Work required
Please retype the data below line for line and leave out every picture.

Given material
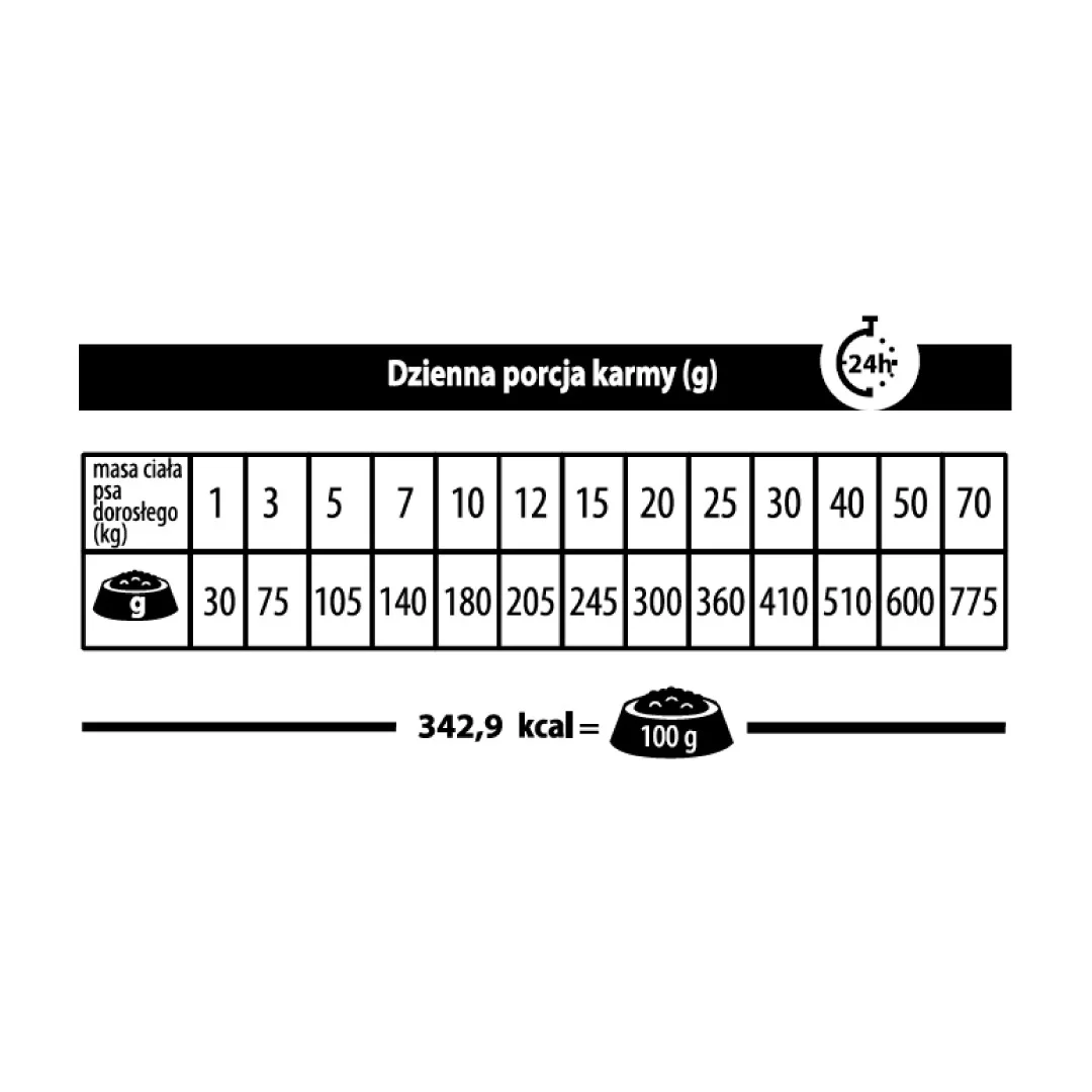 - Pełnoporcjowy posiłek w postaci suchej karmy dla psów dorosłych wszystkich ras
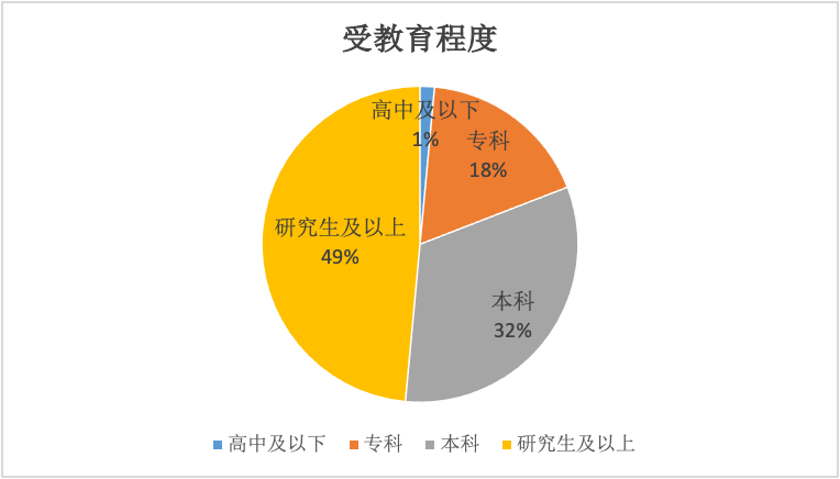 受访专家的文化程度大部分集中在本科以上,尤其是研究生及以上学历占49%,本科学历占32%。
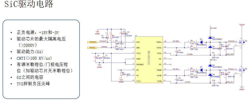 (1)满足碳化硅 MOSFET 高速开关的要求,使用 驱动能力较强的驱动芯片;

Result of the task
 - Pełnoporcjowy posiłek w postaci suchej karmy dla psów dorosłych wszystkich ras
 受访专家的文化程度大部分集中在本科以上,尤其是研究生及以上学历占49%,本科学历占32%。
 (1)满足碳化硅 MOSFET 高速开关的要求,使用 驱动能力较强的驱动芯片;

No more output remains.